Grant schnellte hoch, ging zu ihr und sagte, sie solle ihn den Rest machen lassen. »Ich hab gerade Zeit dafür«, sagte er. »Lass mich die alten Lumpen rausnehmen.« Merle wurde rot wie Rost und wollte schon grob werden – »Was soll das?«, fing sie an. »Haben Sie’s so eilig mit dem Essen?«, konnte es aber gerade noch vernuscheln.

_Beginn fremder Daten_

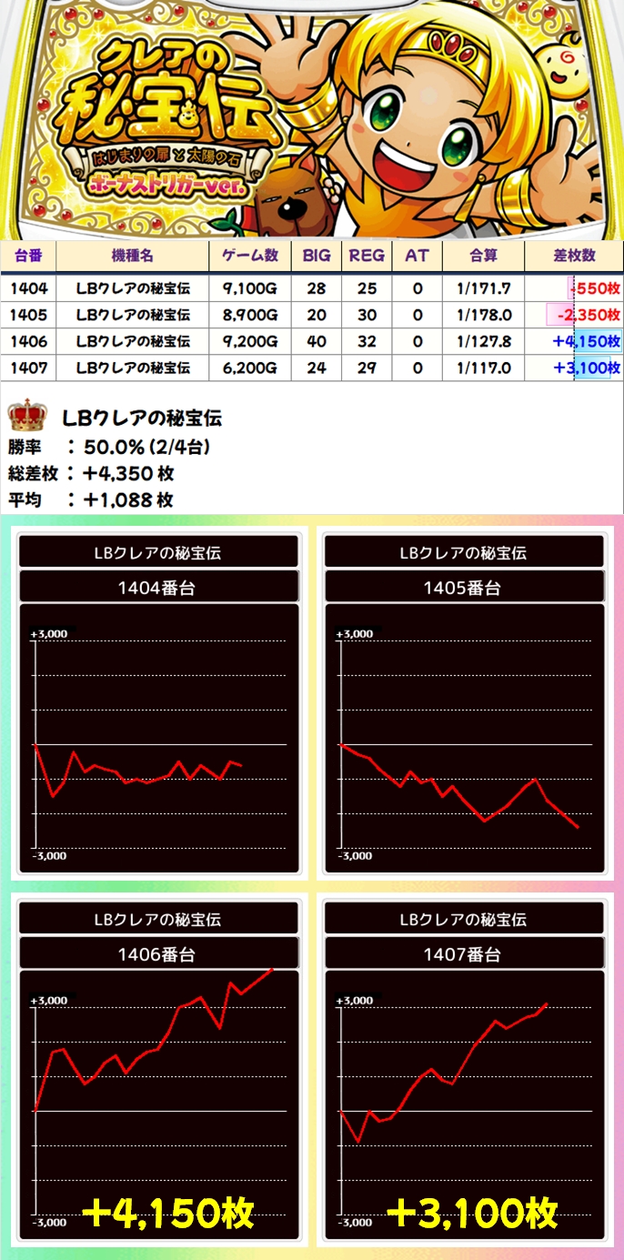 【全台系濃厚】LBクレアの秘宝伝(2/4台+)→平均+1,088枚

Grant griff sich drei Hemden auf einmal und wrang sie zusammen aus. Quetschte die Knöpfe kaputt. Dann warf er sie über die Leine und trat einen Schritt zurück, grinsend, rot und verlegen. Sie waren schon trockener als das Hemd, das er am Leib trug. Merle setzte sich auf die Stufen, sackte erschöpft gegen den Pfosten und sagte, er solle die Overalls herausholen. Ich denke, sie hielt ihn für ein bisschen verrückt, hoffte aber, er würde fertig werden, bevor der Zauber verging. Grant wrang den Rest aus und leerte die Bottiche, und sie starrte ihn an, als wäre er ein merkwürdiger Dinosaurier oder Ghul. Ich konnte regelrecht sehen, wie sie ihre Meinung änderte, wie ein harter Kern in ihr weicher wurde. »Sie sind besser als die meisten«, sagte sie. »Ein Mann zu sein ist für Sie vielleicht nicht die einzige Entschuldigung, die Sie zum Leben brauchen.«

»Eine schlechte ist es nicht«, sagte Grant. Er sah sie an und lachte und fragte dann, ob sie nicht reingehen und anfangen wolle zu kochen.

»Sie haben umsonst gearbeitet«, sagte Merle, »wenn Sie deshalb helfen wollten. Marget hat schon alles fertig.« Sie sagte es schnippisch, war aber weder ärgerlich, noch meinte sie es so. Und ich sah, wie Grant sie beobachtete, als sie wegging – mit einem irgendwie erfreuten Ausdruck auf dem müden Gesicht.